Perry shook his head with a smile which cast a sickly light over his large, handsome face. "Oh, I'm perfectly well," he responded, "I need to stretch my legs a bit, that's all."

"You do look as if you wanted exercise," commented Adams, as they left the building; "too much terrapin has put your liver wrong, I guess."

At the corner, they passed a news-stand, and as Adams stopped for his evening paper, he noticed again the nervous agony which afflicted Perry during the brief delay.

"Look here, what's up, now?" he enquired, holding his paper in his hand when they started on again, "are you in any trouble and can I help to get you out?

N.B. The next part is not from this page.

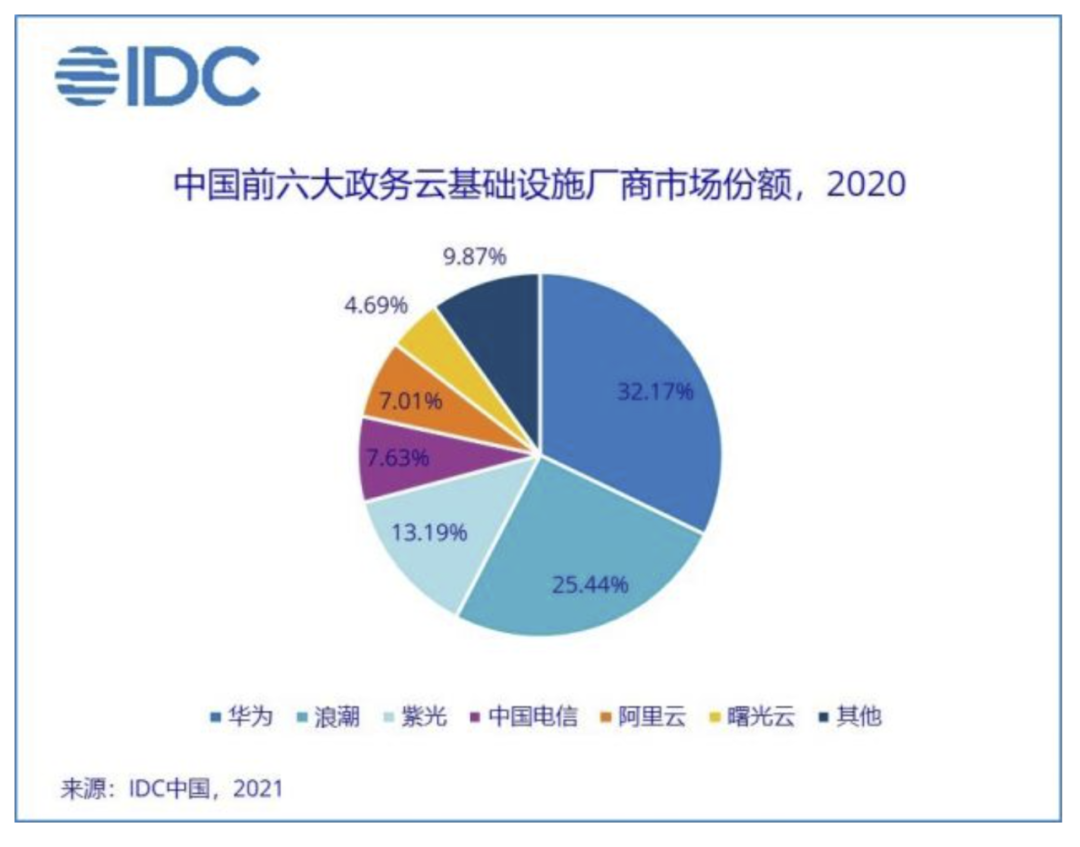 此時,華為云開始受到市場的青睞。IDC數(shù)據(jù)顯示,2020年中國政務(wù)云基礎(chǔ)設(shè)施市場份額中,華為云拿下最大一塊“蛋糕”,市占率高達(dá)32.2%,其次是浪潮的25.4%、紫光的13.2%以及中國電信的7.6%;相較之下,阿里云僅拿到了7%。

I'll do anything you like except play the gallant, and I only draw the line at that because of my temperamental disability. So, something is wrong?" he added gayly, "for you haven't even observed the pretty woman ahead there in the pea-green bonnet."

"Oh, I'm not in any mess just now," replied Perry, with a big, affectionate shake like that of a wet Newfoundland dog.

Adams threw a keener glance at him. "No scrape about a woman, then?" he asked, with the tolerant sympathy which had made him so beloved by his own sex.

"Oh, Lord, no," ejaculated Perry, with a fervour too convincing to be assumed.

"And you haven't lost in Wall Street?"

"On the other hand I made a jolly deal."

"Well, I give it up," remarked Adams cheerfully; then as he spoke, the glare from an electric light fell full upon the headlines of the folded paper in his hand, and he came to a halt so sudden that Perry, falling back to keep step with him, felt himself spinning like a wound up top.

"My God!" said Adams, in a voice so low that it barely reached Perry's ears. An instant later a quick animal passion—the passion of the enraged male—entered into his tone and he walked quickly across the pavement to the sheltering dusk of a cross street. "May God damn him for this!" he cried in a hoarse whisper.